1. Write the balanced chemical equation:

BaCl₂(aq) + Na₂SO₄(aq) → BaSO₄(s) + 2NaCl(aq)

2. Calculate the moles of each reactant:

* Moles of BaCl₂:

(22.6 mL) * (1 L / 1000 mL) * (0.160 mol/L) = 0.00362 mol BaCl₂

* Moles of Na₂SO₄:

(54.6 mL) * (1 L / 1000 mL) * (0.055 mol/L) = 0.00300 mol Na₂SO₄

3. Determine the limiting reactant:

* The balanced equation shows a 1:1 mole ratio between BaCl₂ and Na₂SO₄.

* Since we have fewer moles of Na₂SO₄ (0.00300 mol) than BaCl₂ (0.00362 mol), Na₂SO₄ is the limiting reactant. This means it will be completely consumed, and the amount of BaSO₄ formed will be determined by the amount of Na₂SO₄.

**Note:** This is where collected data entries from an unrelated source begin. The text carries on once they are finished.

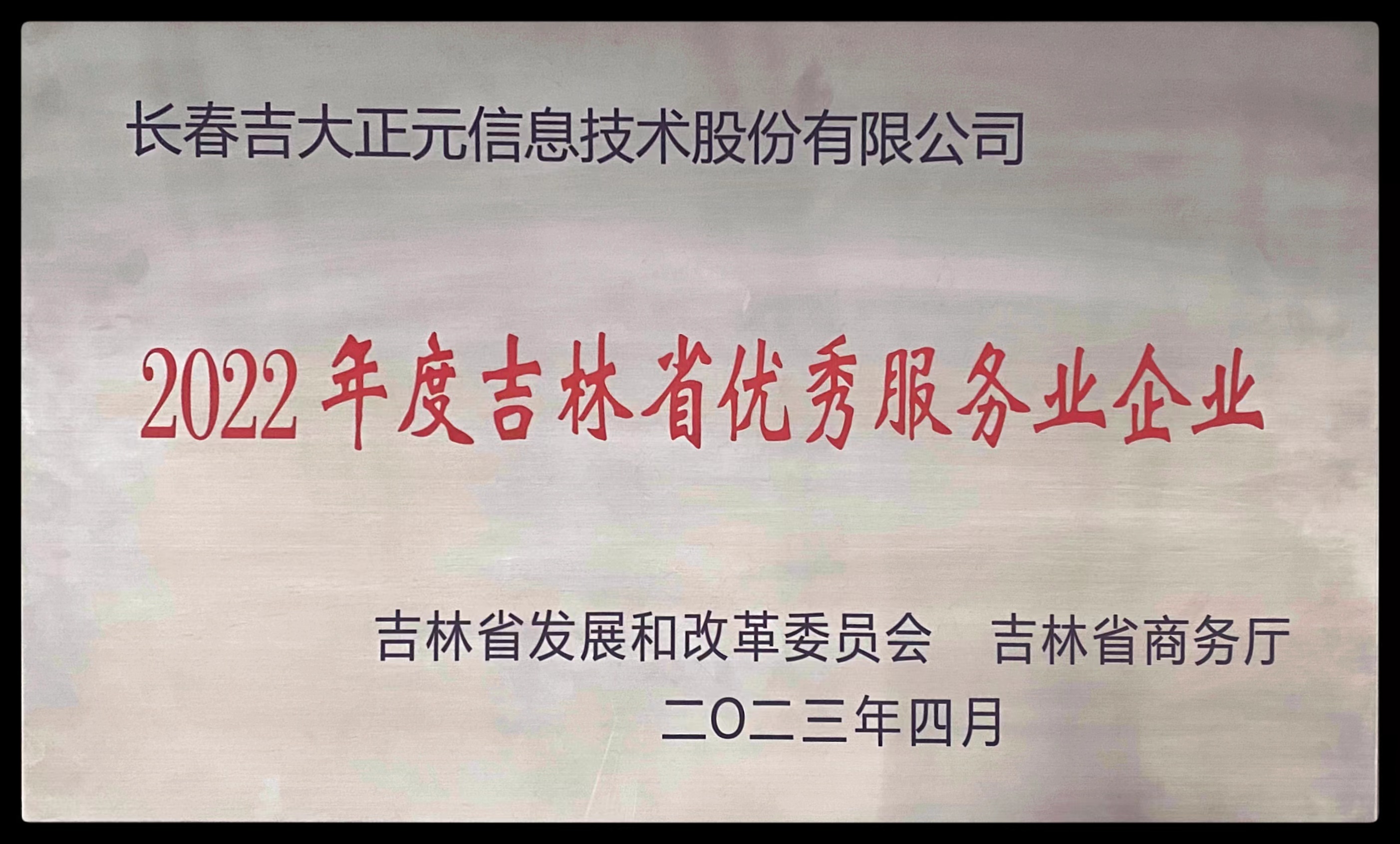 2023年4月,经吉林省发展和改革委员会、吉林省商务厅联合推荐,授予吉大正元“2022年度吉林省优秀服务业企业”奖牌,这也是公司连续两年获得该项荣誉。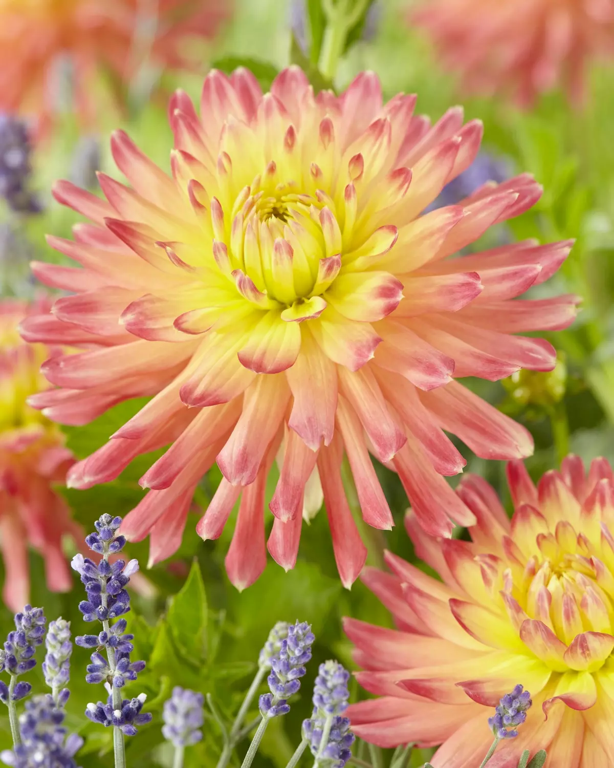 Dahlia 'Solar Flare' is a striking semi-cactus variety, glowing shades of coral pink to deep pink petals, forked tips and a soft yellow heart, creating a starburst effect. The dazzling blooms stands out in beds, borders, and cut-flower arrangements alike.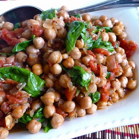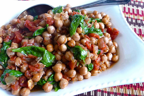 Spread the chickpeas in the bottom of a crockpot (slow cooker). Pour the tomato mixture over the chickpeas and stir well.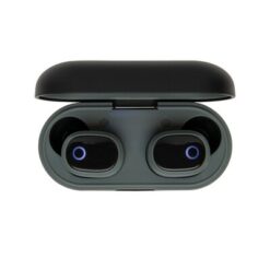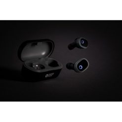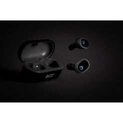 Bezprzewodowe słuchawki douszne TWS (True Wireless Stereo), BT 5.0, wykonane z ABS, funkcja odbierania połączeń, muzyka oraz rozmowy telefoniczne stereo, etui 500 mAh pełniące funkcję stacji ładującej w komplecie, akumulator słuchawek 50 mAh umożliwia odtwarzanie muzyki do 3 godzin, ponowne naładowanie za pomocą etui w 2 godziny, zasięg do 10 metrów, różne rozmiary nakładek dousznych w komplecie, ślad węglowy produktu: 0,7 kg CO2
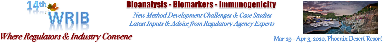 The 20th WRIB (Workshops on Recent Issues in Bioanalysis) will be built on the success of the previous meetings, especially the 19th WRIB where 1200 professionals (in person and remote) representing pharma/biotech companies, CROs, and multiple regulatory agencies convened to discuss current topics of interest in bioanalysis. High Quality, better compliance to regulations and scientific excellence have always been the foundations of WRIB.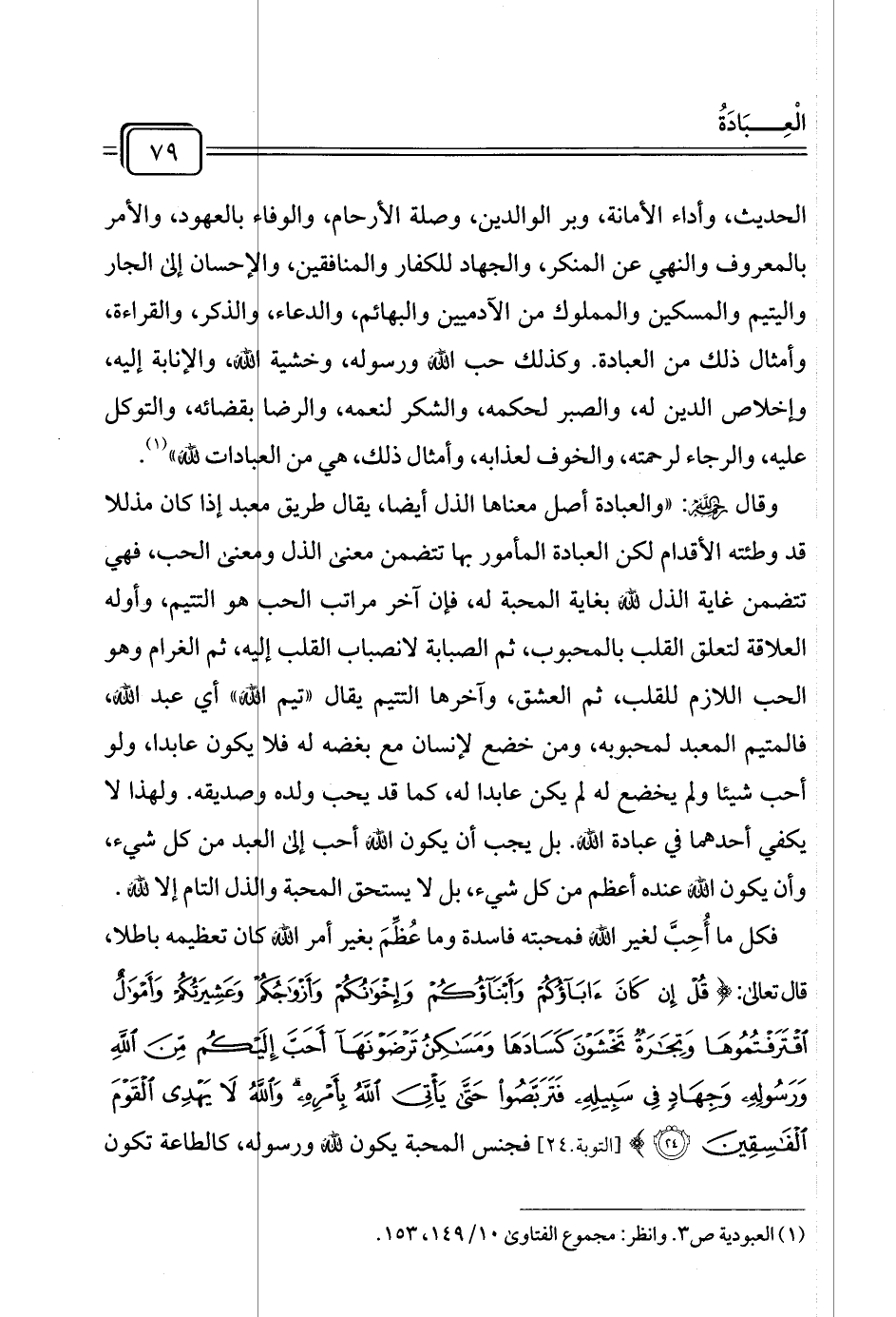 (¬١) العبودية ص ٣. وانظر: مجموع الفتاوى ١٠/ ١٤٩، ١٥٣.

4. Calculate the moles of BaSO₄ formed:

* The 1:1 mole ratio from the balanced equation tells us that 0.00300 mol of Na₂SO₄ will produce 0.00300 mol of BaSO₄.

5. Convert moles of BaSO₄ to grams:

* Molar mass of BaSO₄ = 137.33 g/mol + 32.06 g/mol + (4 * 16.00 g/mol) = 233.39 g/mol

* Mass of BaSO₄ = (0.00300 mol) * (233.39 g/mol) = 0.700 g

Therefore, 0.700 grams of solid barium sulfate will form.